* [Input data]
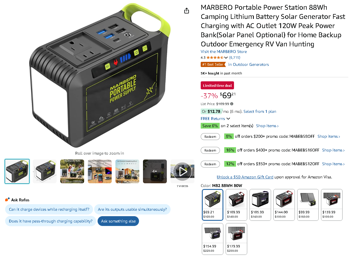 The MARBERO Portable Power Station is currently selling for just $69.21 compared to $109.99, -37%! An exceptional value for this versatile power solution.
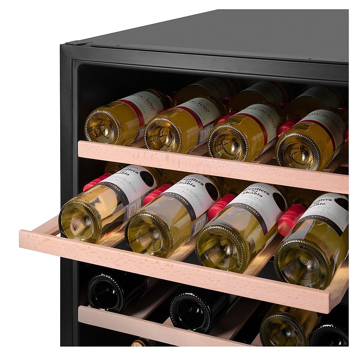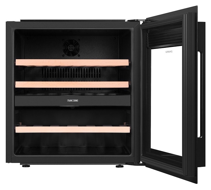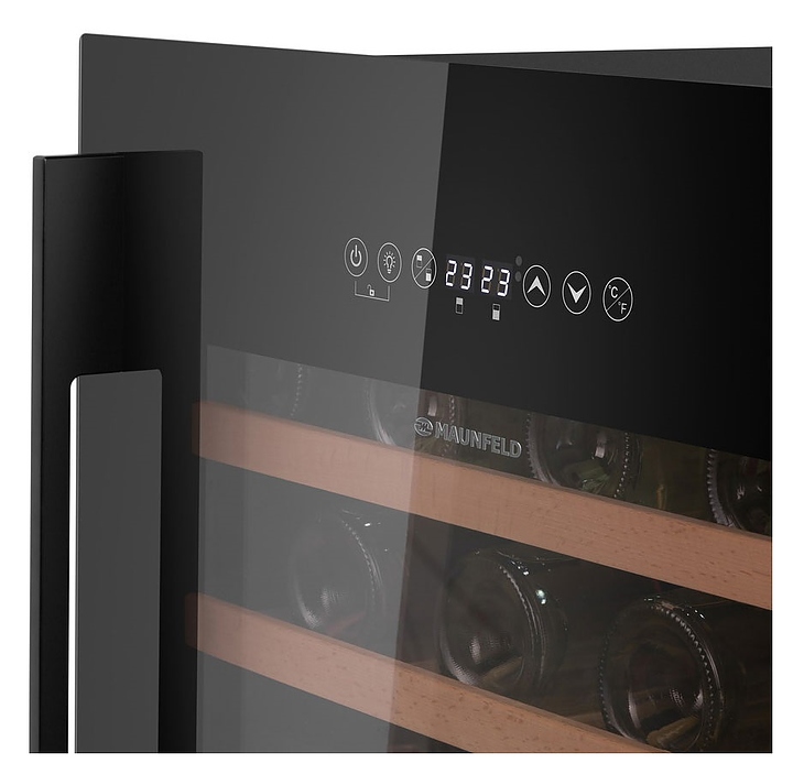 Винный шкаф Maunfeld MBWC-92DM36 предназначен для хранения при оптимальных условиях и предпродажной демонстрации бутилированного вина различных сортов в барах, ресторанах, специализированных магазинах, подсобных складских помещениях, а также домашних условиях. Модель оснащена холодильной камерой с 2 температурными зонами, правосторонней распашной дверью с обзорным остеклением и длинной уплощенной вертикальной рукояткой, кабелем питания, расположенной на фасаде двери электронной панелью управления с сенсорными функциональными клавишами и 2 цифровыми светодиодными дисплеями с белой подсветкой индикации. Корпус и рукоятка выполнены из металла с матовым антикоррозийным покрытием черного цвета, дверь с полным фронтальным остеклением без винтового крепежа из прозрачного тонированного стекла, внутренняя облицовка камеры черного цвета, полки – из массива буковой древесины. В комплект поставки входят 3 съемные полки с направляющими для размещения бутылок, крепеж для рукоятки, инструкция по эксплуатации, гарантийный талон и заводская упаковка. Особенности:
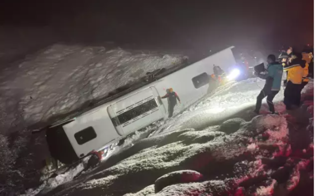 Türkiyənin Bingöl şəhərində sərnişin avtobusu aşıb.
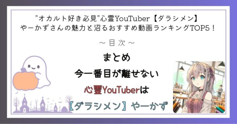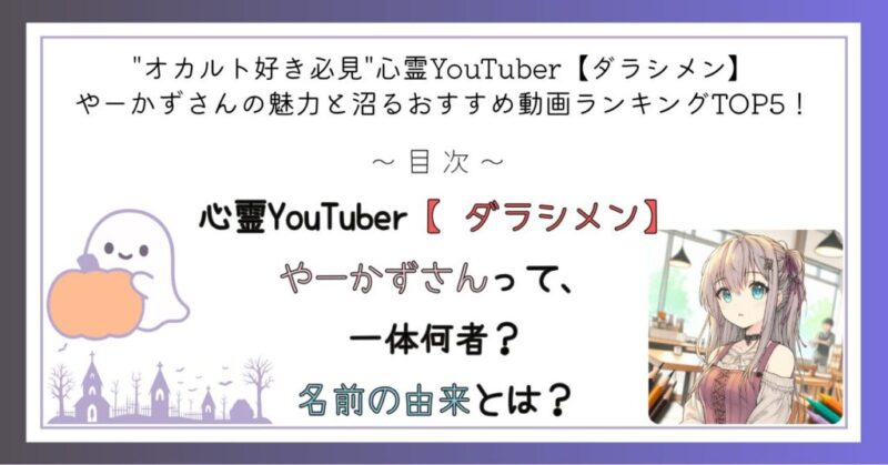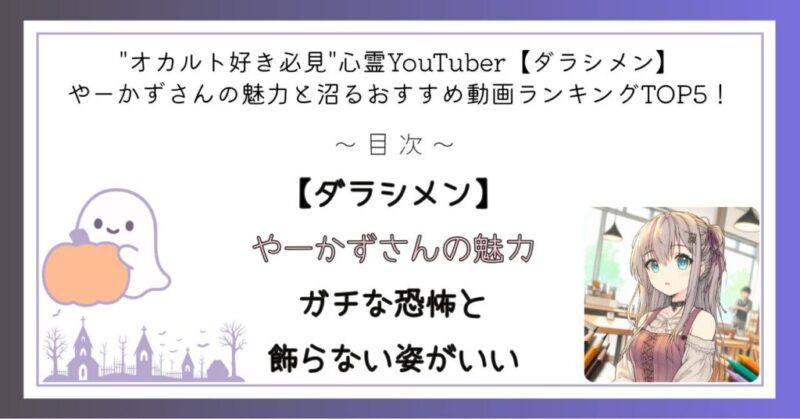 さてさて、今回は、心霊YouTuber界でマジで人気爆発中の「ダラシメン-ホラーチャンネル」のやーかずさんについて、その謎めいた人物像から、ゾクゾクする魅力、そして「これだけは絶対見とけ!」っていうおすすめ動画まで、かなり詳しく語ってきましたけど、どうでしたか?
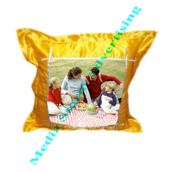 Perna personalizata din saten galben. Se personalizeaza pe fata pernei in zona patratului cu fotografia, textul sau logo-ul dorit de dumneavoastra. Dimensiuni perna 40cm x 40cm. Pretul include personalizarea, fata de perna si umplutura. Un cadou personalizat ideal pentru orice varsta si eveniment.
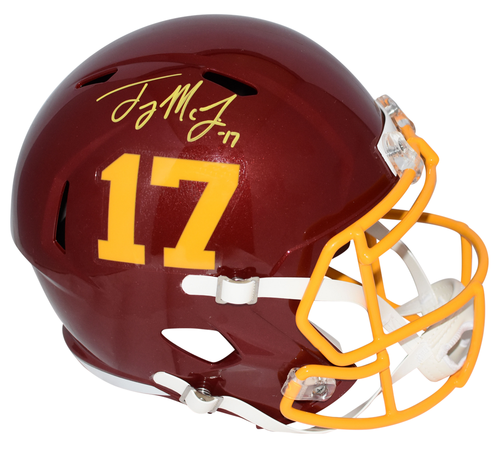 Terry McLaurin, Pro Bowl wide receiver for the Washington Commanders, has hand signed this WFT Riddell Speed full-size replica helmet at a private signing. This item is authenticated by Beckett Authentication Services, one of the best authenticators in the industry. Their tamper-evident hologram featuring a QR code and serial number is on the item. The authenticity can be verified online by entering the serial number or scanning the QR code.Item pictured may not be the exact item you will receive. It will be similar quality, and we guarantee your satisfaction.
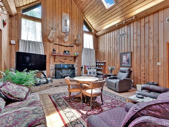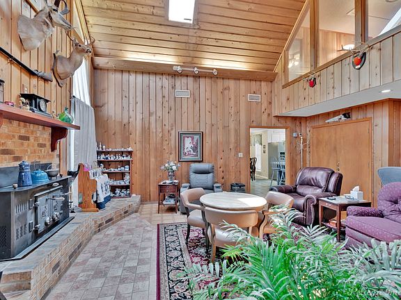Inside, you’ll find vaulted skylight ceilings with upstairs windows overlooking the living room, creating an open and airy feel. The home includes built-in desks in multiple rooms, a secure gun safe, and a large flex space upstairs that can be used as an office, game room, or craft room. A sunroom with abundant natural light provides the perfect spot for plants and indoor gardening.
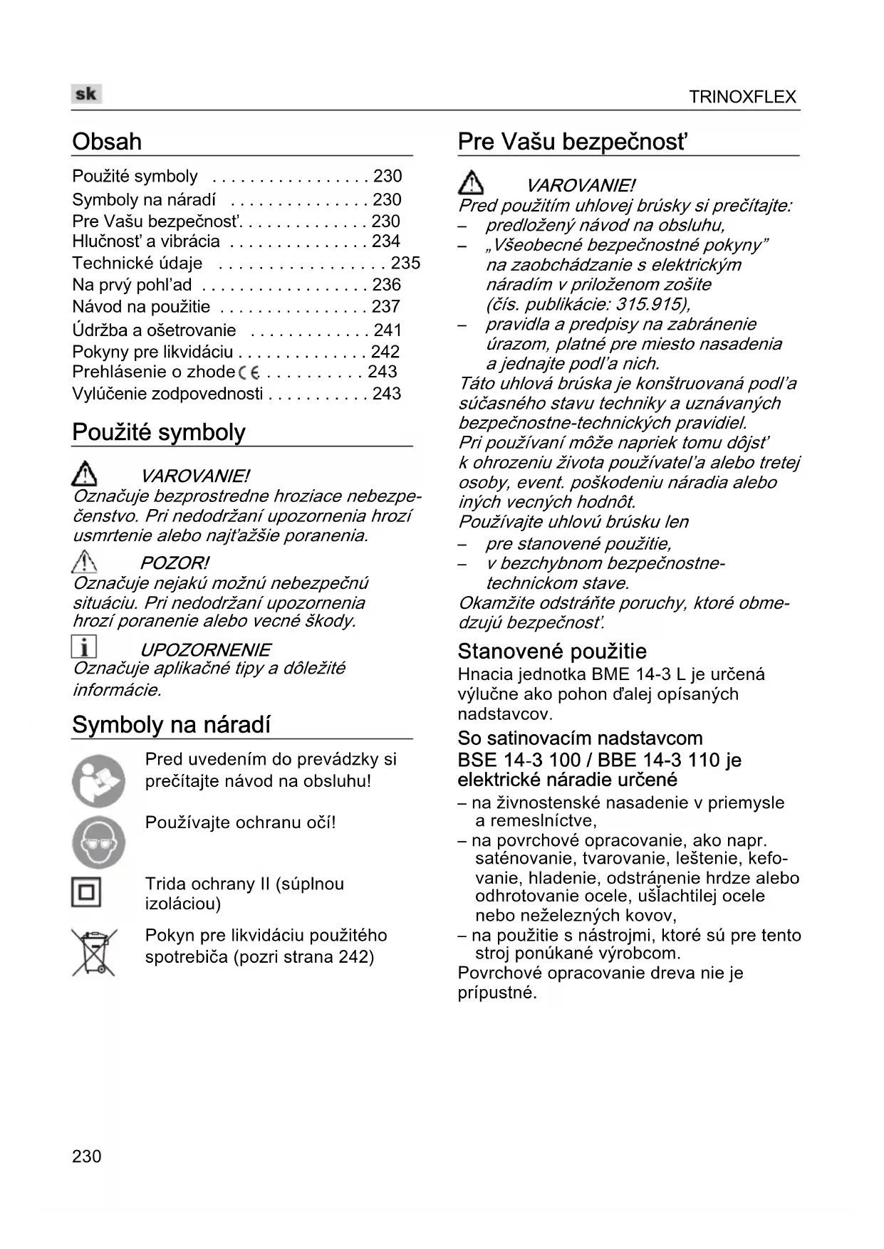 v bezchybnom bezpečnostne- technickom stave. Okamžite odstráňte poruchy, ktoré obme- dzujú bezpečnosť. Stanovené použitie Hnacia jednotka BME 14-3 L je určená výlučne ako pohon ďalej opísaných nadstavcov. So satinovacím nadstavcom BSE 14-3 100 / BBE 14-3 110 je elektrické náradie určené – na živnostenské nasadenie v priemysle a remeslníctve, – na povrchové opracovanie, ako napr. saténovanie, tvarovanie, leštenie, kefo- vanie, hladenie, odstránenie hrdze alebo odhrotovanie ocele, ušľachtilej ocele nebo neželezných kovov, – na použitie s nástrojmi, ktoré sú pre tento stroj ponúkané výrobcom. Povrchové opracovanie dreva nie je prípustné.TRINOXFLEX
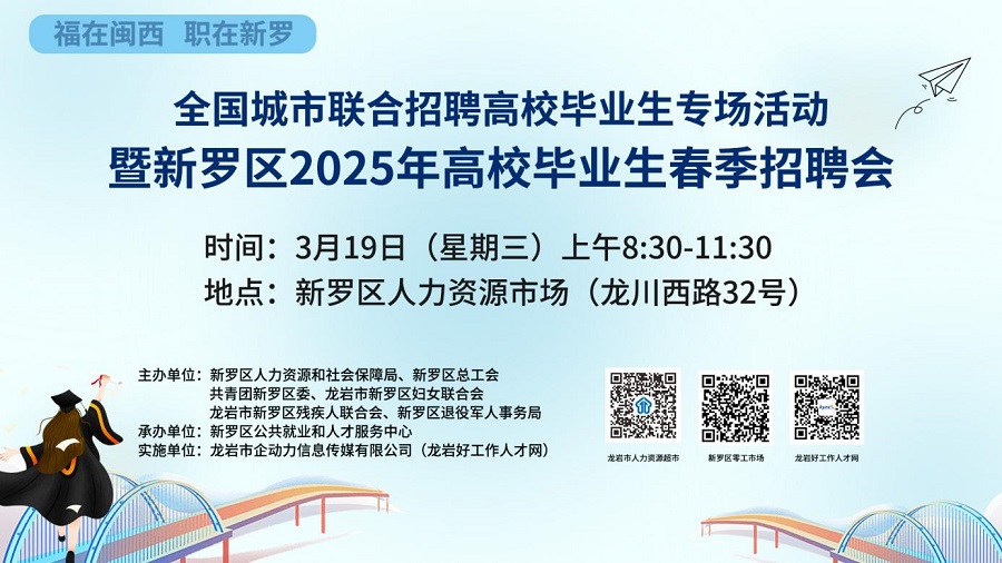 此次招聘會是由新羅區(qū)人力資源和社會保障局、新羅區(qū)總工會、共青團(tuán)新羅區(qū)委、龍巖市新羅區(qū)婦女聯(lián)合會、龍巖市新羅區(qū)殘疾人聯(lián)合會、新羅區(qū)退役軍人事務(wù)局主辦;新羅區(qū)公共就業(yè)和人才服務(wù)中心承辦 ;龍巖市企動力信息傳媒有限公司(龍巖好工作人才網(wǎng))實施,以“福在閩西 職在新羅”為主題。
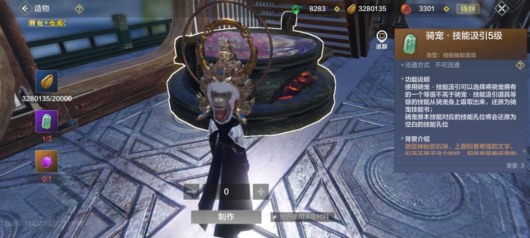 ● 主界面【功能轮盘-合成-造物-杂物】处可合成4级、5级骑宠·技能汲引。
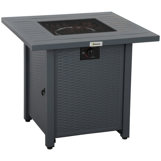 Outsunny Rattan Gas Fire Pit Table for Garden, 13 KW Smokeless Propane Fire Pit with Lid, Square Garden Coffee Table with Patio Heater for Outdoor, Patio, 58 x 58 x 33 cm, Grey
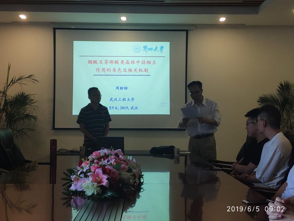 6月5日上午,应研究生院,英国365集团网站,绿色化工过程教育部重点实验室,湖北省新型反应器与绿色化学工艺重点实验室邀请,兰州大学化学化工公司副教授周盼盼博士在流芳校区化工大楼605会议室作了一场题为“烟酸及芬那酸类晶体中弱相互作用的角色及相关机制”的学术报告。报告会由英国365集团网站副经理龙思会教授主持,英国365集团网站师生100余人聆听了报告。
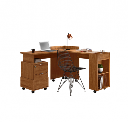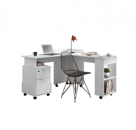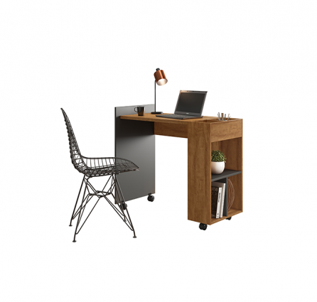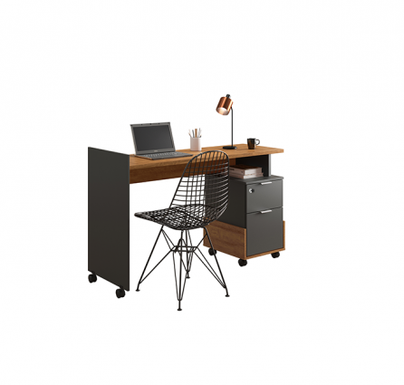 O Office Alessa tem tampo em MDP de 25mm. Conta com rodízios e puxadores cromados, além de gaveta com chave.
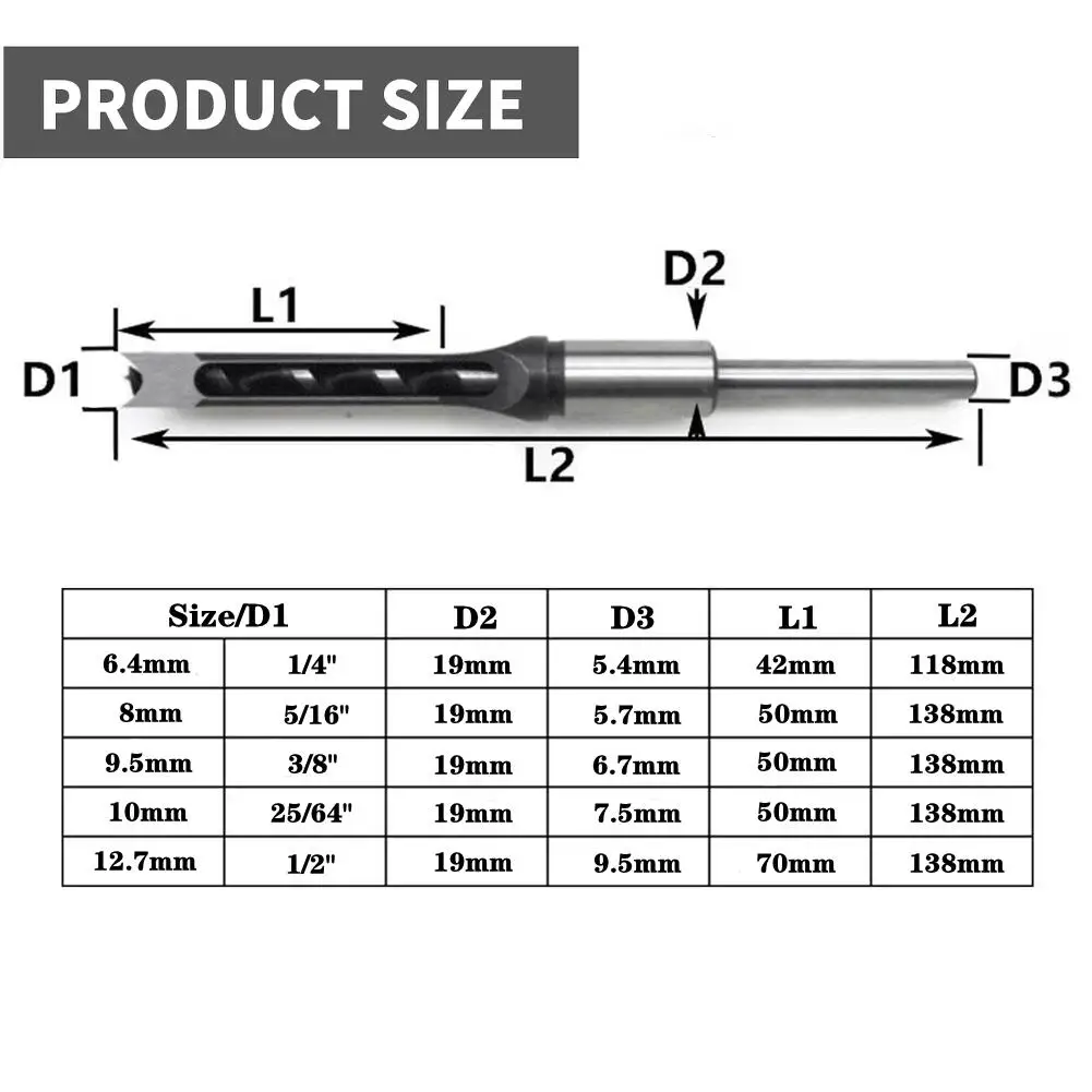 1. Эта долото отлично подходит для бурения квадратных отверстий в дереве с помощью Mortising машины или mortising приложения.

* [Task details] Do not include pictures. Copy only the lines running from the line with "Outsunny Rattan Gas" through the last line of the records, exactly as they appear.

* [Reply]
 Outsunny Rattan Gas Fire Pit Table for Garden, 13 KW Smokeless Propane Fire Pit with Lid, Square Garden Coffee Table with Patio Heater for Outdoor, Patio, 58 x 58 x 33 cm, Grey
 6月5日上午,应研究生院,英国365集团网站,绿色化工过程教育部重点实验室,湖北省新型反应器与绿色化学工艺重点实验室邀请,兰州大学化学化工公司副教授周盼盼博士在流芳校区化工大楼605会议室作了一场题为“烟酸及芬那酸类晶体中弱相互作用的角色及相关机制”的学术报告。报告会由英国365集团网站副经理龙思会教授主持,英国365集团网站师生100余人聆听了报告。
 O Office Alessa tem tampo em MDP de 25mm. Conta com rodízios e puxadores cromados, além de gaveta com chave.
 1. Эта долото отлично подходит для бурения квадратных отверстий в дереве с помощью Mortising машины или mortising приложения.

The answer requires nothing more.